Your task
From the line containing "(1296 – سورشارژ" through the last line of the records below, output every line exactly, both ends included, except the pictures.

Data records
• • • •

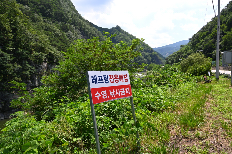 간이 화장실을 지나 래프팅 전용 매점 안내판에서 왼쪽으로 내려가 백용담을 보고 옵니다.
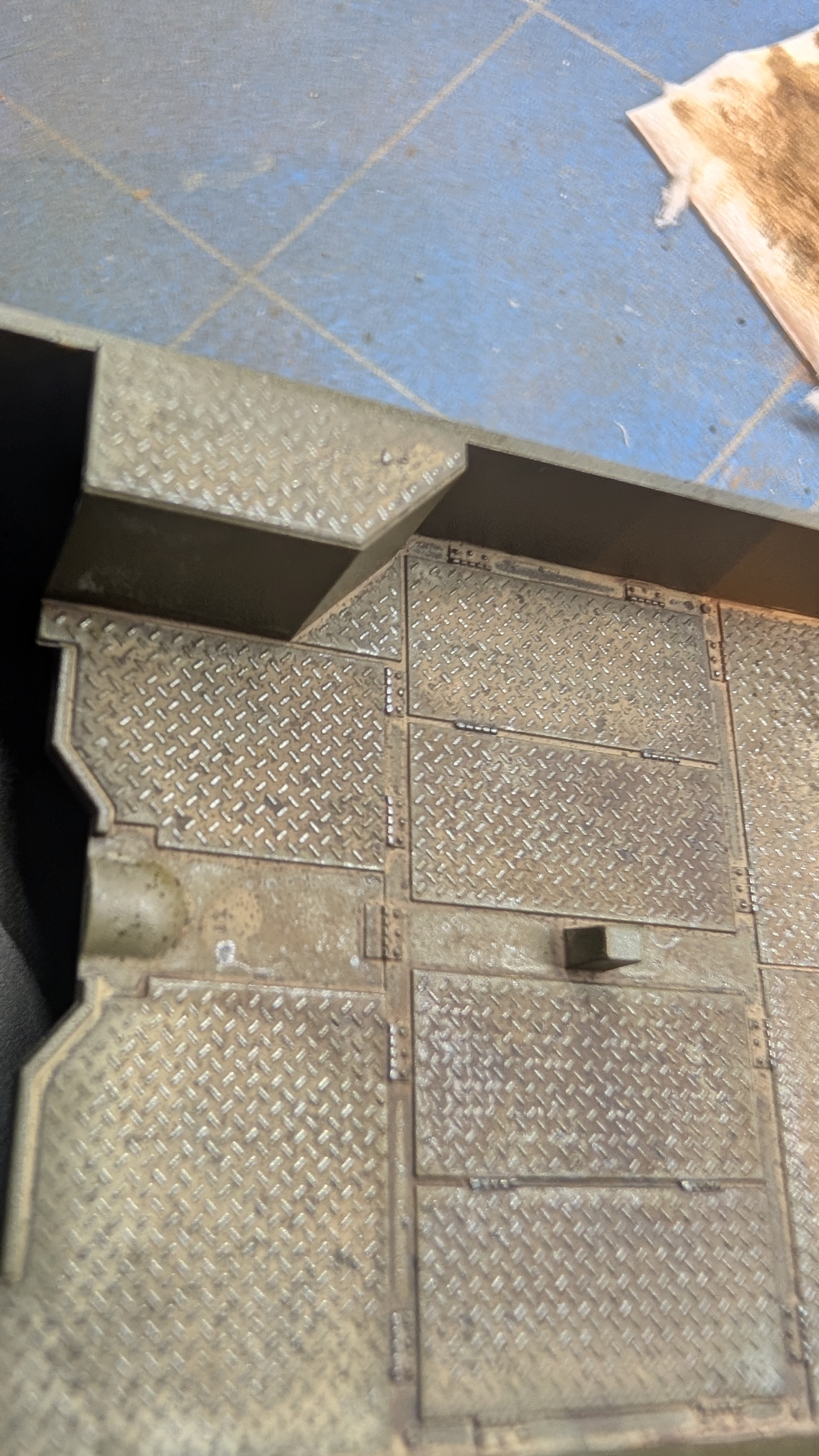 Today I had some time to put in some more work on the floor plate. I added several shades of grime and added a metallic sheen to the treadplate.
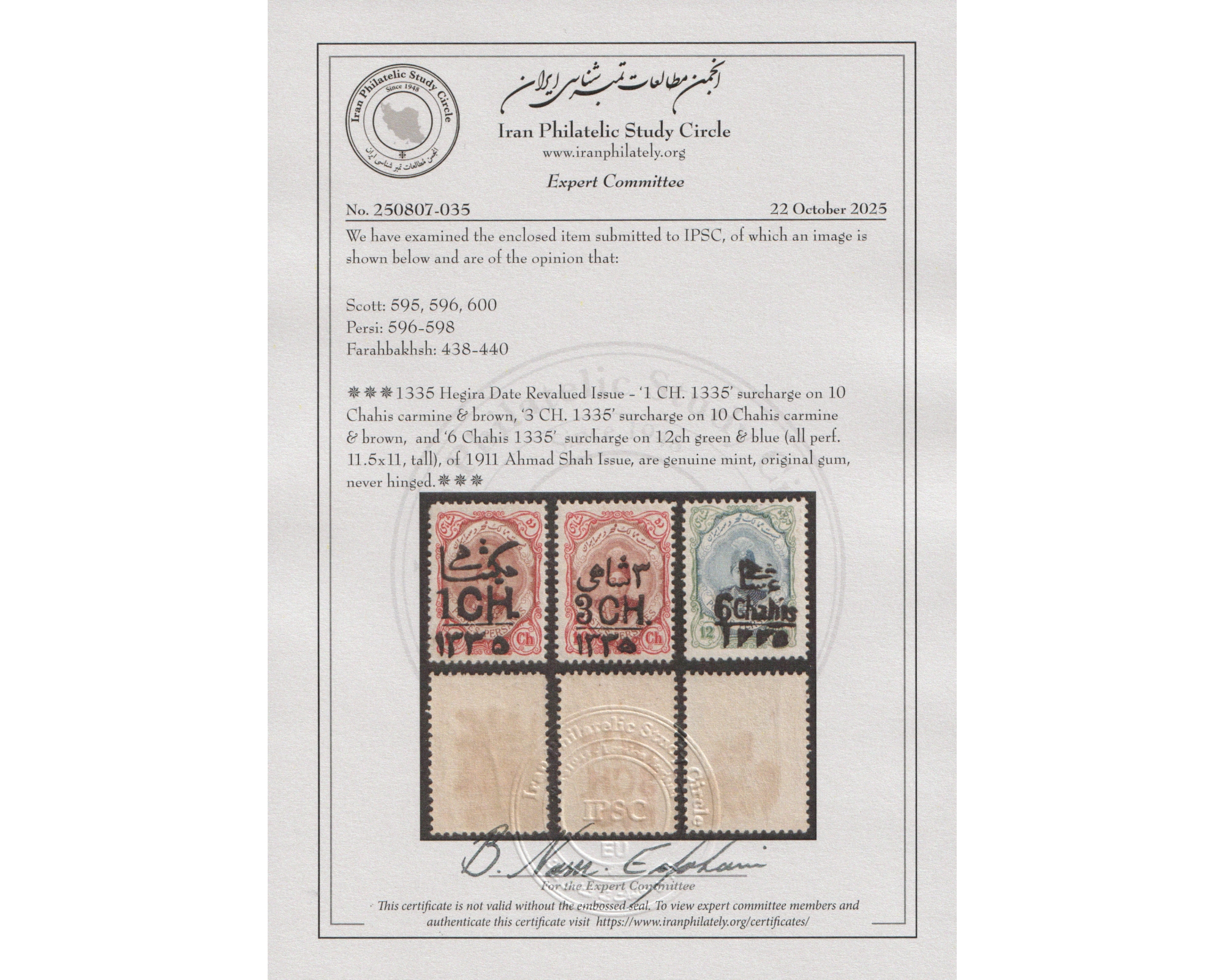 (1296 – سورشارژ 1335 روی تمبرهای احمدی ( 1917Certificate By IPSCCondition; Mint Never Hingedبدونه اثر شارنیه ـ کیفیت چسب عالیبرای دیدن با بهترین کیفیت ماوس کامپیوتر را روی تصویر تکان دهید
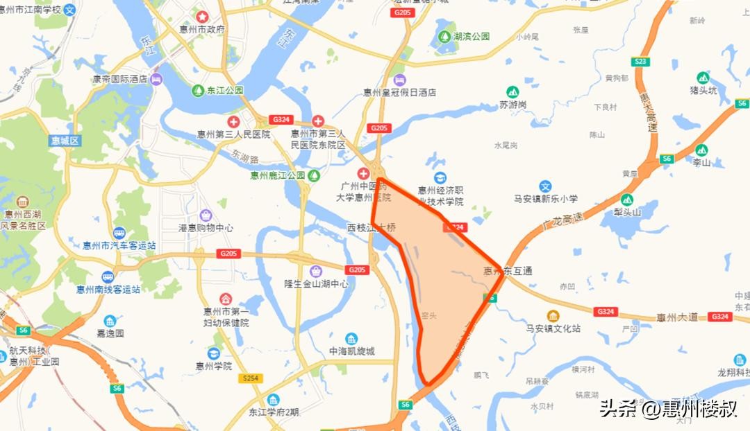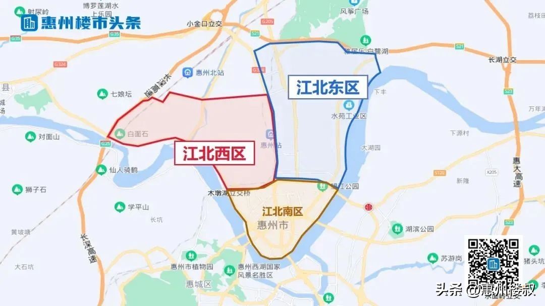 江北西区以从惠州大道出发至长深高速一带,北至金泉路、南至东江(惠博大道)。
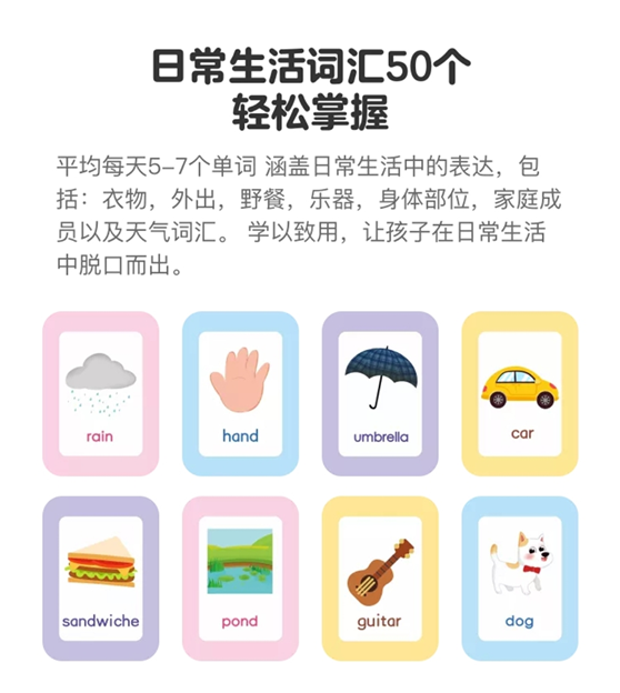 每天学习一本绘本,平均学习5-7个单词,涵盖生活中的日常表达。

• • • •

Finished task
 (1296 – سورشارژ 1335 روی تمبرهای احمدی ( 1917Certificate By IPSCCondition; Mint Never Hingedبدونه اثر شارنیه ـ کیفیت چسب عالیبرای دیدن با بهترین کیفیت ماوس کامپیوتر را روی تصویر تکان دهید
 江北西区以从惠州大道出发至长深高速一带,北至金泉路、南至东江(惠博大道)。
 每天学习一本绘本,平均学习5-7个单词,涵盖生活中的日常表达。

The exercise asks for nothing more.